IV - funcionamento parlamentar de acordo com a lei.

l É assegurada aos partidos políticos autonomia para definir sua estrutura interna, organização e funci­onamento, devendo seus estatutos estabelecerem normas de fidelidade e disciplina partidárias.

l Os partidos políticos, após adquirirem personali­dade jurídica, na forma da lei civil, registrarão seus es­tatutos no Tribunal Superior Eleitoral.

l Os partidos políticos têm direito a recursos do fun­do partidário e acesso gratuito ao rádio e à televisão, na forma da lei.

l É vedada a utilização, pelos partidos políticos de organização paramilitar.

 

As Instituições

Estruturas decorrentes de necessidades sociais bá­sicas, com caráter de relativa permanência, e identificável pelo valor de seus códigos de conduta, alguns deles ex­pressos em leis.

A organização administrativa do Estado é realizada pelas entidades estatais, autarquias e sociedades de eco­nomia mista, criadas para a execução e descentralização dos serviços públicos e de atividades de interesse coleti­vo. O conjunto de entidades estatais, autarquias e socie­dades mistas constitui a Administração Pública.

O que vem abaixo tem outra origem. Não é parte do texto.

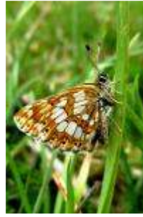
Duke of Burgundy

A Administração Pública é, portanto, constituída por um conjunto de órgãos instituídos para a consecução dos objetivos do Governo.

 

O Segundo Mandato de Fernando Henrique Cardoso

No final do mandato presidencial, o Congresso dis­cutia as reformas da previdência social, do estatuto do funcionalismo público e dos sistemas fiscal, tributário e administrativo. As mudanças na Constituição de 1988 vi­savam, segundo o governo, a atingir dois objetivos es­senciais: assegurar a estabilidade política, mediante a re­organização do Estado e da administração, e retomar o desenvolvimento econômico, acelerando a integração ao mercado mundial e à modernização científica e tecnológica.

A política econômica do novo governo deu prosse­guimento ao Plano Real, idealizado pelo Presidente quan­do ministro da Fazenda do governo anterior. Durante os dois primeiros anos, a moeda estabilizou-se e manteve uma relativa semelhança com o dólar; além disso, a infla­ção manteve-se num patamar bastante baixo, beirando 25% ao ano.

Contudo as medidas de ajuste adotadas provocaram recessão econômica, quebras de bancos e de empresas, assim como um surto de demissões e desempregos em todos os setores da economia.

A par de importantes realizações, problemas como a distribuição de renda, a questão agrária, a melhoria da educação e da saúde, entre outros, continuam a exigir do governo, que garantiu a sua permanência por mais quatro anos com a reeleição nas eleições de outubro de 1998, providências urgentes.